Production Best Practices

1. Gradual Adoption Strategy

# Step 1: Observe recommendations in Off mode (1-2 weeks)
updateMode: "Off"

# Step 2: Apply only to new Pods with Initial mode
updateMode: "Initial"

# Step 3: Enable automatic adjustment with InPlaceOrRecreate
updateMode: "InPlaceOrRecreate"

2. Using with PDB (PodDisruptionBudget)

apiVersion: policy/v1
kind: PodDisruptionBudget
metadata:
  name: web-app-pdb
spec:
  minAvailable: 2
  selector:
    matchLabels:
      app: web-app
---
# VPA respects PDBs during Recreate fallback
apiVersion: autoscaling.k8s.io/v1
kind: VerticalPodAutoscaler
metadata:
  name: web-app-vpa
spec:
  targetRef:
    apiVersion: apps/v1
    kind: Deployment
    name: web-app
  updatePolicy:
    updateMode: 'InPlaceOrRecreate'
    minReplicas: 2
    evictionRequirements:
      - resources: ['cpu', 'memory']
        changeRequirement: TargetHigherThanRequests

3. Using HPA and VPA Together

# HPA: CPU-based horizontal scaling
apiVersion: autoscaling/v2
kind: HorizontalPodAutoscaler
metadata:
  name: web-app-hpa
spec:
  scaleTargetRef:
    apiVersion: apps/v1
    kind: Deployment
    name: web-app
  minReplicas: 2
  maxReplicas: 10
  metrics:
    - type: Resource
      resource:
        name: cpu
        target:
          type: Utilization
          averageUtilization: 70
---
# VPA: Vertical scaling for memory only (CPU managed by HPA)
apiVersion: autoscaling.k8s.io/v1
kind: VerticalPodAutoscaler
metadata:
  name: web-app-vpa
spec:
  targetRef:
    apiVersion: apps/v1
    kind: Deployment
    name: web-app
  updatePolicy:
    updateMode: 'InPlaceOrRecreate'
  resourcePolicy:
    containerPolicies:
      - containerName: web
        controlledResources: ['memory']
        minAllowed:
          memory: '128Mi'
        maxAllowed:
          memory: '4Gi'

4. Visualizing VPA Recommendations with Goldilocks

# Install Goldilocks (VPA recommendation dashboard)
helm install goldilocks fairwinds-stable/goldilocks \
  --namespace goldilocks \
  --create-namespace

# Enable Goldilocks for a namespace
kubectl label namespace default goldilocks.fairwinds.com/enabled=true

# Access the dashboard
kubectl port-forward -n goldilocks svc/goldilocks-dashboard 8080:80

Troubleshooting

When In-Place Resize Is Not Working

# 1. Check Kubernetes version
kubectl version --short
# 1.35+ required

# 2. Check the node's Container Runtime
kubectl get nodes -o jsonpath='{.items[*].status.nodeInfo.containerRuntimeVersion}'
# containerd 1.7+ or CRI-O 1.29+ required

# 3. Check the Pod's resizePolicy
kubectl get pod <pod-name> -o jsonpath='{.spec.containers[0].resizePolicy}'

# 4. Check resize status
kubectl get pod <pod-name> -o jsonpath='{.status.resize}'
# "Deferred" -> Insufficient resources on node
# "Infeasible" -> Node does not support resize

# 5. Check events
kubectl describe pod <pod-name> | grep -A5 "Events"

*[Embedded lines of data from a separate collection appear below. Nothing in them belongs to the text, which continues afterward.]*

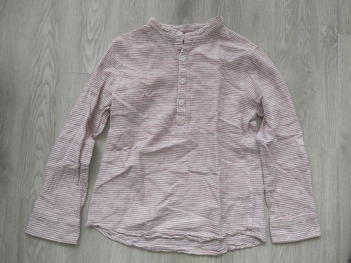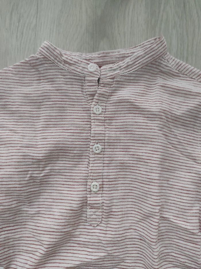Rouge et blanc. Col mao. Manches retroussable en manches 2/3. Bon état à très bon #canelle0garcon8ans
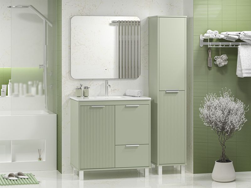 RISACCA pistachio - 80 Тумба напольная 2 дв.1 ящ. мат. эмаль + раковина
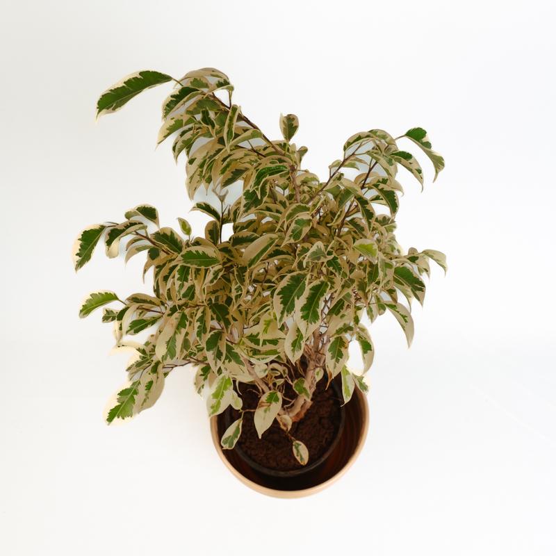 Ficus Variegated is a beautiful ornamental plant with creamy-white and green patterned leaves that brighten up any space.
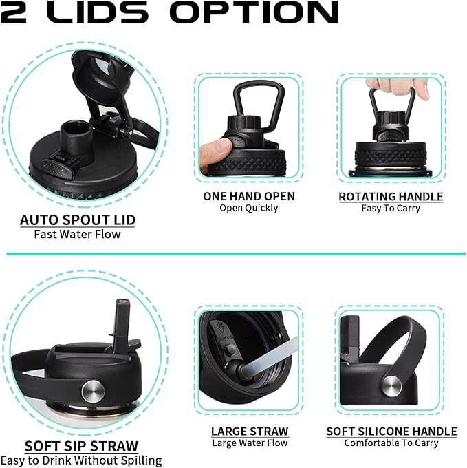 • 2 LID OPTIONS (Auto-spout & Straw): two different lids are complete LEAK PROOF & design for easy drink. The pops-up lid for easy drinking and seals shut for no leaks when you're on the go. The straw lid makes it easy to enjoy spill-proof sips, and package come with a alternative straw & a straw brush for easy cleaning

When VPA Is Not Generating Recommendations

# Check VPA Recommender logs
kubectl logs -n vpa-system -l app=vpa-recommender --tail=50

# Verify metrics-server is working
kubectl top pods

# Check VPA status
kubectl describe vpa <vpa-name>

Practical Example: Applying VPA to a Java Application

apiVersion: apps/v1
kind: Deployment
metadata:
  name: spring-boot-app
spec:
  replicas: 3
  selector:
    matchLabels:
      app: spring-boot
  template:
    metadata:
      labels:
        app: spring-boot
    spec:
      containers:
        - name: app
          image: myregistry/spring-boot-app:latest
          resources:
            requests:
              cpu: '500m'
              memory: '512Mi'
            limits:
              cpu: '2'
              memory: '2Gi'
          resizePolicy:
            - resourceName: cpu
              restartPolicy: NotRequired
            - resourceName: memory
              restartPolicy: RestartContainer # JVM needs heap reconfiguration
          env:
            - name: JAVA_OPTS
              value: '-XX:+UseContainerSupport -XX:MaxRAMPercentage=75.0'
---
apiVersion: autoscaling.k8s.io/v1
kind: VerticalPodAutoscaler
metadata:
  name: spring-boot-vpa
spec:
  targetRef:
    apiVersion: apps/v1
    kind: Deployment
    name: spring-boot-app
  updatePolicy:
    updateMode: 'InPlaceOrRecreate'
  resourcePolicy:
    containerPolicies:
      - containerName: app
        minAllowed:
          cpu: '200m'
          memory: '256Mi'
        maxAllowed:
          cpu: '4'
          memory: '4Gi'

Conclusion

The GA of In-Place Pod Resize in Kubernetes 1.35 and VPA's InPlaceOrRecreate mode take resource optimization in production environments to the next level. Key takeaways:

  1. In-Place Resize enables CPU/memory adjustment without Pod restarts
  2. VPA + InPlaceOrRecreate delivers automated vertical scaling
  3. When using HPA and VPA together, separate managed resources (HPA=CPU, VPA=Memory)
  4. Adopt gradually: Off -> Initial -> InPlaceOrRecreate

Quiz (5 Questions)

Q1. What are the three components of VPA? Recommender, Updater, Admission Controller

Q2. Which Kubernetes version promoted In-Place Pod Resize to GA? Kubernetes 1.35 (December 2025)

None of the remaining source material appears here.